Copy out the data word for word. The images are not part of the copy.

*** Recorded information Section Begins ***

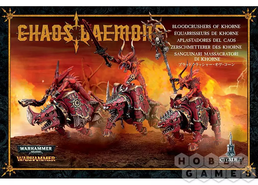 Сочетание свирепого кровотворца и неостановимой давящей туши быкоглавого Джаггернаута Кхорна. Когда демонические легионы идут в бой, орды кроволомов несутся по полю брани, грохочущие копыта равно топчут траву и превращают в месиво врагов Бога Войны. Джаггернауты, или Джаггеры - громадные бронированные твари, частью демоны, а частью - переплетение зачарованной стали и мускулов. Это могучие звери из скрипучего железа и меди, выше человеческого роста и огромного веса. Шкура Джаггера - латы из сваренных металлических чешуек, украшенные метками Кхорна и покрытые засохшей кровью его жертв. Внутри тела демона вместо крови бушует огонь, раздуваемый жаром демонического сердца. Его железные копыта высекают искры при каждом шаге, а бронзовая пасть выдыхает удушливый темный дым. Это чудовище, в котором первобытная ярость заключена в сокрушающее тело из металлических костей и мышц.
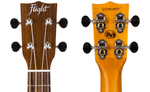 The Flight LUS5 is made of solid mahogany. Mahogany is a hardwood which has been used to make quality musical instruments for centuries. Its colour can vary a fair amount, from a pale pinkish brown to a darker reddish brown, and it tends to darken with age. Solid mahogany packs a punch unmatched to any other instrument, which is why it is perfect for a vintage style ukulele like our LUS5.
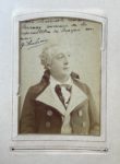 *Photographies format Cabinet, en commencement d’album : Gabrielle Krauss en costume d’Orphée (Benque) ; Jean-Baptiste Faure dans Pierre de Médicis, de Poniatowski, 1861 (Reutlinger) ; Renaud dans Hamlet d’Ambroise Thomas (Du Guy) ; G. Soulaesis dans les Dragons de Villars (bel envoi autographe à sa « charmante camarade Savenay », Lejeune/Joliot), Maria van Zandt dans Mignon de Thomas (envoi autographe de la cantatrice daté Paris le 2 mai 1881, Benque), Van Dyck en costume fourré pour la Walkyrie (Benque), très belle épreuve ;
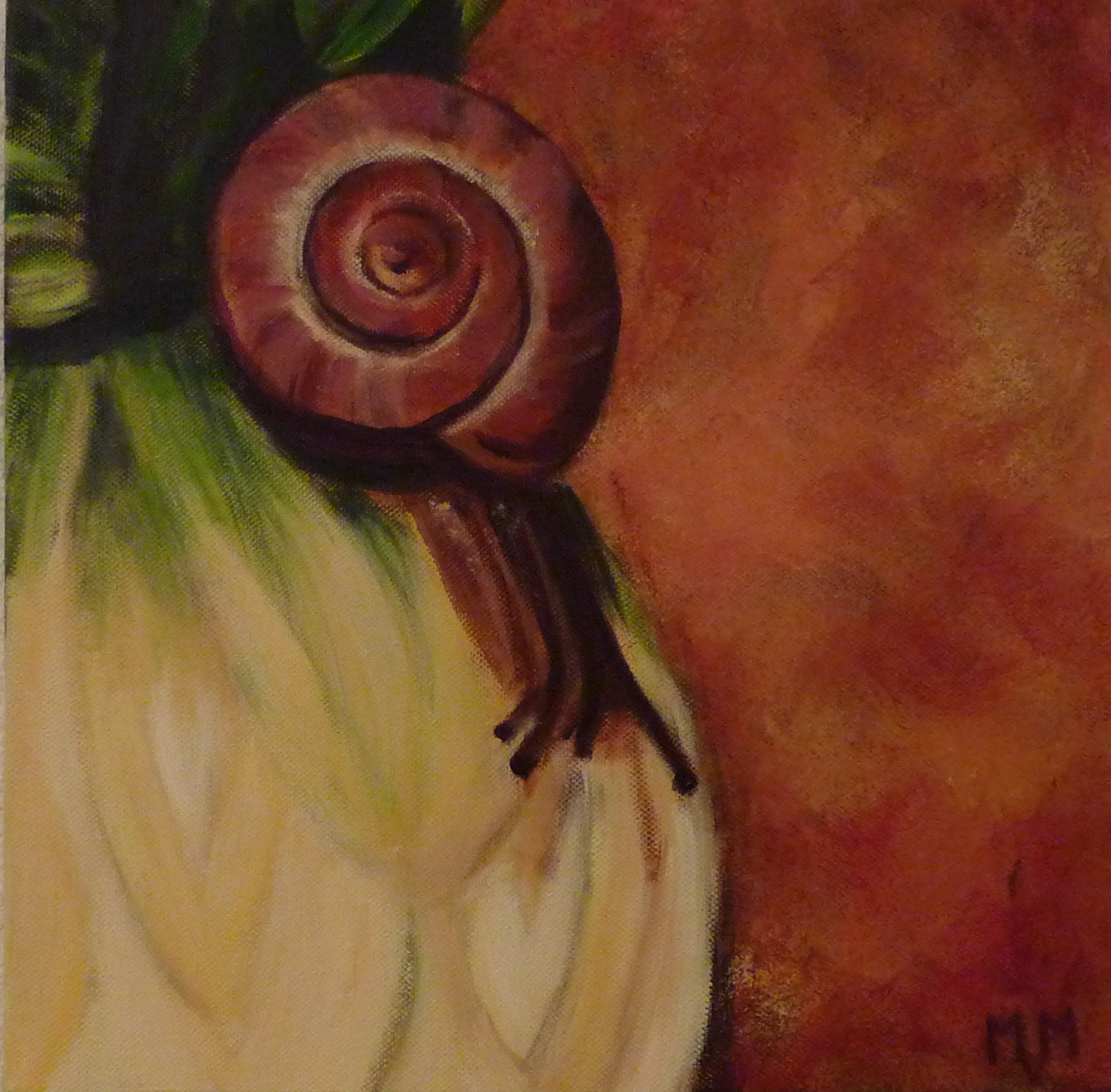 Een warm schilderijtje van een slakje op een plant of stuk groente. Ik heb hem samen opgehangen met 'Herfstpaddestoelen' en 'Grote rode paddestoel'.

*** Recorded information Section Ends ***

■ **Written reply**:
 Сочетание свирепого кровотворца и неостановимой давящей туши быкоглавого Джаггернаута Кхорна. Когда демонические легионы идут в бой, орды кроволомов несутся по полю брани, грохочущие копыта равно топчут траву и превращают в месиво врагов Бога Войны. Джаггернауты, или Джаггеры - громадные бронированные твари, частью демоны, а частью - переплетение зачарованной стали и мускулов. Это могучие звери из скрипучего железа и меди, выше человеческого роста и огромного веса. Шкура Джаггера - латы из сваренных металлических чешуек, украшенные метками Кхорна и покрытые засохшей кровью его жертв. Внутри тела демона вместо крови бушует огонь, раздуваемый жаром демонического сердца. Его железные копыта высекают искры при каждом шаге, а бронзовая пасть выдыхает удушливый темный дым. Это чудовище, в котором первобытная ярость заключена в сокрушающее тело из металлических костей и мышц.
 The Flight LUS5 is made of solid mahogany. Mahogany is a hardwood which has been used to make quality musical instruments for centuries. Its colour can vary a fair amount, from a pale pinkish brown to a darker reddish brown, and it tends to darken with age. Solid mahogany packs a punch unmatched to any other instrument, which is why it is perfect for a vintage style ukulele like our LUS5.
 *Photographies format Cabinet, en commencement d’album : Gabrielle Krauss en costume d’Orphée (Benque) ; Jean-Baptiste Faure dans Pierre de Médicis, de Poniatowski, 1861 (Reutlinger) ; Renaud dans Hamlet d’Ambroise Thomas (Du Guy) ; G. Soulaesis dans les Dragons de Villars (bel envoi autographe à sa « charmante camarade Savenay », Lejeune/Joliot), Maria van Zandt dans Mignon de Thomas (envoi autographe de la cantatrice daté Paris le 2 mai 1881, Benque), Van Dyck en costume fourré pour la Walkyrie (Benque), très belle épreuve ;
 Een warm schilderijtje van een slakje op een plant of stuk groente. Ik heb hem samen opgehangen met 'Herfstpaddestoelen' en 'Grote rode paddestoel'.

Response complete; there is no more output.